Fall 2017 Projects

NYOAG (New York Office of the Attorney General)

Team 1

Members: Numair Sani, Xuan Tang, Rocky Su, Tyler Schmidt

The goal of this project is to predict the lengths of New York Civil Supreme Court cases along with the lengths of individual motions within the cases. The team’s data set contained over 7 million rows and 14 attributes with numeric, date, text, and ordinal values. Members used Naïve Bayes, Decision Tree, and Random Forest to predict the lengths of cases and motions.

Team 2

Members: Nihan Le, Adeeb Sheikh, Max Torop

This team took a different approach to the same NYOAG data set. Pre-processing methods included: one-hot encoding and splitting and rejoining data sets.

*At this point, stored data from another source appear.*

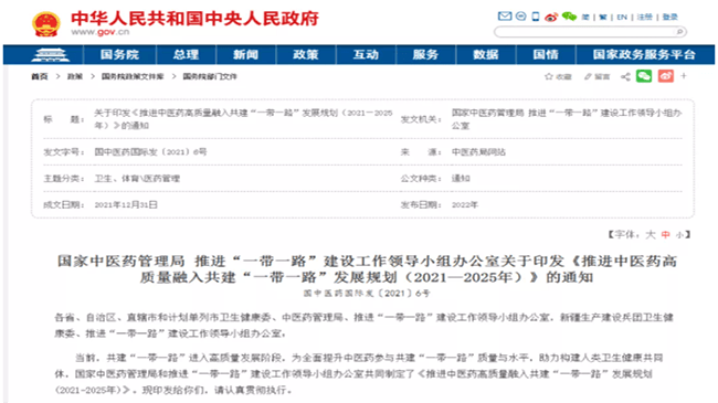 东华原前瞻 | 《推进中医药高质量融入共建“一带一路”发展规划(2021—2025年)》印发
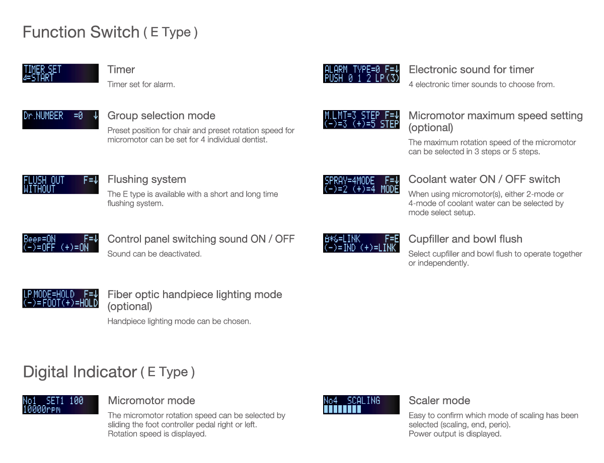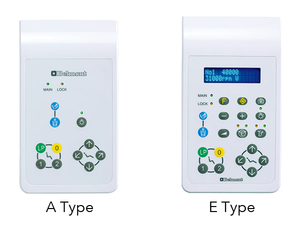 A2(control of air instruments, water on/off and chip air) for A type. SE(control of air instruments, water on/off, chip air and control of electric motor/scaler) for E type. Foot controller with handle is available as an option.
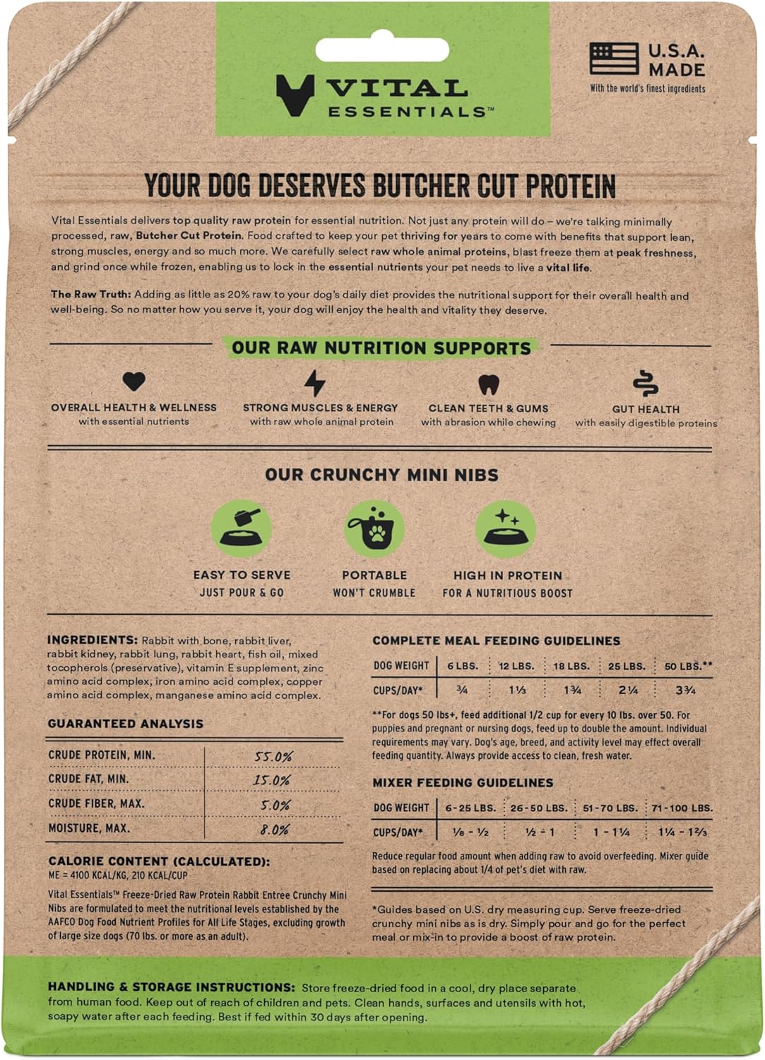 • CRUNCHY FREEZE-DRIED RAW RABBIT DOG FOOD: Vital Essentials Crunchy Freeze Dried Dog Food packs more protein than industry standard into every bite to deliver the peak vitality your dog deserves, especially when compared to dehydrated dog food. This complete and balanced freeze-dried raw dog food is made with premium butcher cut rabbit, responsibly sourced in the EU.

Students also utilized the Random Forest Regression, Gaussian Linear Model, Linear Regression, and Recursive Feature Elimination prediction algorithms.


Team 1

Members:  Phu Pham, Viet Duong, Puching Zhang

This project focused on identifying patterns in customers’ traits and behaviors that would make them amenable to consolidated and targeted marketing campaigns. The students’ data set contained 10 tables, including customer’s purchase probability scores for a variety of products. Members conducted Time Series analysis to identify trends. They also applied K-means to classify types of customers and evaluate purchase probability.

Team 2

Members:  Yadong Wei, Fuya Xu, Zihan Qi, Yuxuan Cui

The goal of this project is to determine purchase frequency using customer transaction data. Utilizing Market-Basket analysis and Co-Variance analysis, we identified the most common combinations of products sold within specific time intervals.


Team 1

Members: Jonavelle Cuerdo, Yuhan Jiao, Ding Luo

The goal of this project is to build models that correlate marketing, customer support, and capacity planning for special events. Analysis and modeling methods included linear models, time series analysis, ARIMA, and Rolling Forecast.

Team 2

Members: Angela Lai, Anya Khalid, Ben Dantowitz, Rylan Blowers

This project focused on analysis techniques helpful for differentiating normal website use from web breaches and abuse.  Team members used SQL to extract needed information, and utilized IQR and the standard deviation of different browsing sessions’ statistical analysis methods. In addition, the team employed K-Nearest Neighbor algorithms to differentiate web breaches from normal use.